SEQanswers

Go Back   SEQanswers > Applications Forums > RNA Sequencing



Similar Threads
Thread Thread Starter Forum Replies Last Post
edgeR ECHo Bioinformatics 13 04-18-2013 01:01 PM
edgeR wangli RNA Sequencing 4 04-19-2012 06:58 AM
edgeR Puva Bioinformatics 2 05-19-2011 09:04 AM
Phase contrast scope recommendation k-gun12 General 0 03-19-2011 07:46 AM

Reply
 
Thread Tools
Old 02-01-2014, 09:20 AM   #1
samhokin
Member
 
Location: Santa Fe, NM

Join Date: Nov 2013
Posts: 20
Default coef vs contrast in edgeR glmLRT

I thought I understood what the contrast= option in glmLRT means as opposed to coef= (which just looks for DE wrt the index=1 sample, presumed to be the control), but I'm getting crazy results from using contrast= to get what I think should be the equivalent to coef=.

I've got a 4 times X 5 conditions design matrix, so 20 total "treatments." I want to get the DE for condition vs control for each of the four times. The first non-control condition is called AS2 and the control is called Col (for AS2-enhanced transgenic samples and "Columbia", a standard Arabidopsis wild type, if you're curious). So, for example, I'd like to get DE{Col(0)|AS2(0)}, DE{Col(30)|AS2(30)}, etc., where 0 and 30 minutes are two of the four times. But I'll focus on t=0 here, which seems to be where the problem lies. The "control" as edgeR is concerned is condition=Col and time=0 with index 1.

The design matrix is, in order:
(Intercept), ConditionAS2, ConditionKan, ConditionRev, ConditionSTM,
ConditionCol:Timet030, ConditionAS2:Timet030, ConditionKan:Timet030, ConditionRev:Timet030, ConditionSTM:Timet030,
ConditionCol:Timet060, etc.

Here's the two calls that I think should be equivalent:

(a) glmLRT(f, coef=2)

This returns a very reasonable dataset for DE{Col(0)|AS2(0)} which compares favorably to other DE analyses (edgeR and DESeq2) using only the appropriate samples. I don't doubt that it's fine. However,

(b) glmLRT(f, contrast=c(-1,1,0,0,0, 0,0,0,0,0, 0,0,0,0,0, 0,0,0,0,0))

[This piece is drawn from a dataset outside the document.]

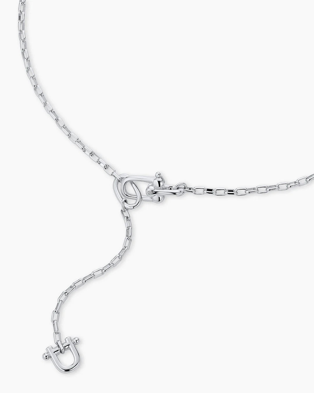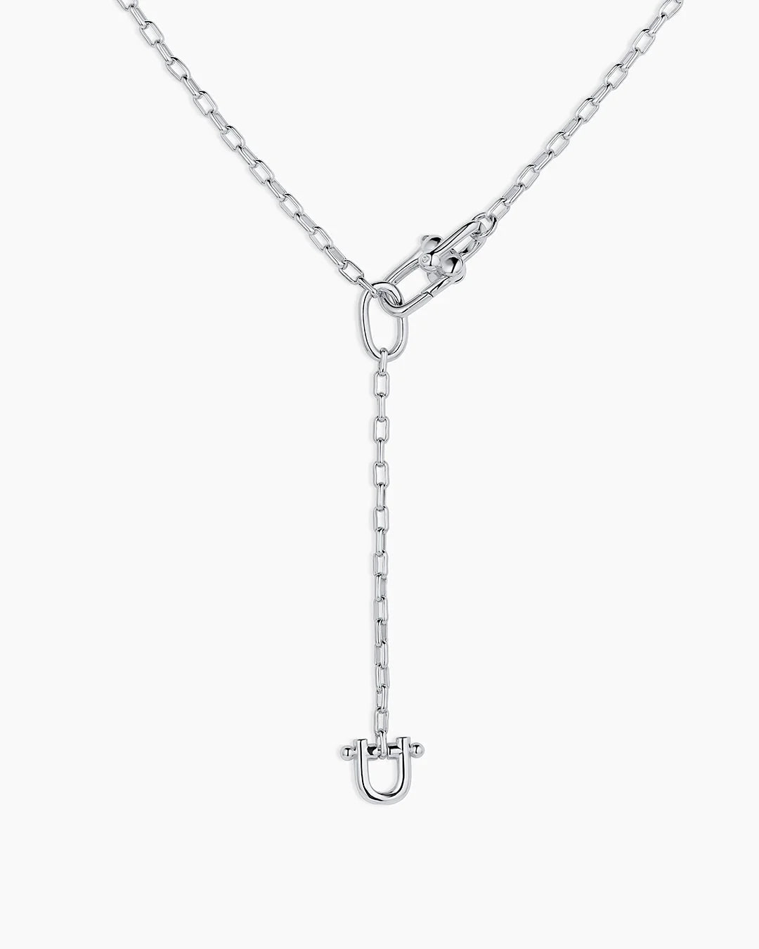 This dainty gold-plated lariat necklace looks just as amazing solo as it does stacked with your favorite chains, switching effortlessly from classic necklace to something a little more rebellious. Lightweight, polished, and unapologetically versatile—this necklace works no matter what way you wear it.

returns complete garbage with logFC values in the stratosphere. To make matters more confusing, it does return seemingly correct data for non-t=0 contrasts, for example,

(c) glmLRT(f, contrast=c(0,0,0,0,0, -1,1,0,0,0, 0,0,0,0,0, 0,0,0,0,0))

seems to return a very reasonable dataset for DE{Col(30)|AS2(30)}.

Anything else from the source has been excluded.